This is an experiment template for use with AWS Fault Injection Service (FIS) and fis-template-library-tooling. This experiment template requires deployment into your AWS account and requires resources in your AWS account to inject faults into.

THIS TEMPLATE WILL INJECT REAL FAULTS! THE SOFTWARE IS PROVIDED "AS IS", WITHOUT WARRANTY OF ANY KIND, EXPRESS OR IMPLIED, INCLUDING BUT NOT LIMITED TO THE WARRANTIES OF MERCHANTABILITY, FITNESS FOR A PARTICULAR PURPOSE AND NONINFRINGEMENT. IN NO EVENT SHALL THE AUTHORS OR COPYRIGHT
HOLDERS BE LIABLE FOR ANY CLAIM, DAMAGES OR OTHER LIABILITY, WHETHER IN AN ACTION
OF CONTRACT, TORT OR OTHERWISE, ARISING FROM, OUT OF OR IN CONNECTION WITH THE
SOFTWARE OR THE USE OR OTHER DEALINGS IN THE SOFTWARE.

## Example Hypotheses

When the {service1} database connection value is approaching it's limit, users of {workload} should be able to complete the {service1} user journey within the SLA of 2 seconds and other critical user journeys relating to {workload}; {service2} and {service3} should continue unaffected. The {service1} circuit breaker should remain closed allowing additional connections to the database. The steady state of {n} transactions per second should be maintained. A leading alarm should be raised and the DevOps team notified within {y} minutes. The database status report should run automatically providing the DevOps team with insight into database connection usage.

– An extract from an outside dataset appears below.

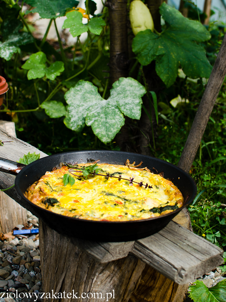 Prosta i sycąca fritatta (taki podpiekany omlet jajeczny) powstała w większości ze składników dostępnych w naszym ogrodzie. Dziś okazało się, że była właściwie podsumowaniem sezonu ziołowego i symbolicznym zakończeniem lata: kiedy wyszłam do ogrodu okazało się, że część moich ziół (w tym ukochane shiso) niestety przegrała walkę z nocnym przymrozkiem..

When the {service1} database connection limit is exhausted, the {workload} {service1} circuit breaker should open resulting in users of {workload} being unable to complete the {service1} user journey. The {workload} UI should degrade gracefully and users should not be able to interact with the {service1} section of UI, thus preventing new connections to the {service1} database being created. An alarm should be raised and the DevOps team notified within {y} minutes. Other critical user journeys relating to {workload}; {service2} and {service3} should continue unaffected. Once the {service1} database connections are drained, the {workload} {service1} circuit breaker should close with {z} minutes. Users should be able to commence interacting with the {service1} section of the UI and the steady of {n} transactions per second should resume.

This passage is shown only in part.